Listed records:
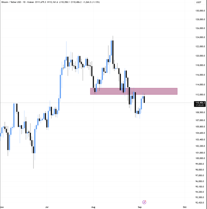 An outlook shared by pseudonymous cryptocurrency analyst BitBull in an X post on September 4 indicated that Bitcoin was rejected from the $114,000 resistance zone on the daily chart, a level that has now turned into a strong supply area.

--

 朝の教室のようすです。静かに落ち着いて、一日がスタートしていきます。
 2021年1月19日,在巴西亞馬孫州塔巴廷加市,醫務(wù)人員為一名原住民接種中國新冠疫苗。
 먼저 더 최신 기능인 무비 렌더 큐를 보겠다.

--

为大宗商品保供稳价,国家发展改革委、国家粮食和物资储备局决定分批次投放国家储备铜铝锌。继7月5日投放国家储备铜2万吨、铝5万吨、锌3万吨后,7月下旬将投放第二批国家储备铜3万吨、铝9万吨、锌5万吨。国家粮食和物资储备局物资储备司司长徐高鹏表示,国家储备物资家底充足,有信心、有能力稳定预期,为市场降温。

Instructions to follow: Would you please copy exactly the part of the entries above that begins at the line containing "2021年1月19日,在巴西" and ends at the line containing "먼저 더 최신 기능인 무비 렌더 큐를 보겠다.", both lines included?

Exercise result:
 2021年1月19日,在巴西亞馬孫州塔巴廷加市,醫務(wù)人員為一名原住民接種中國新冠疫苗。
 먼저 더 최신 기능인 무비 렌더 큐를 보겠다.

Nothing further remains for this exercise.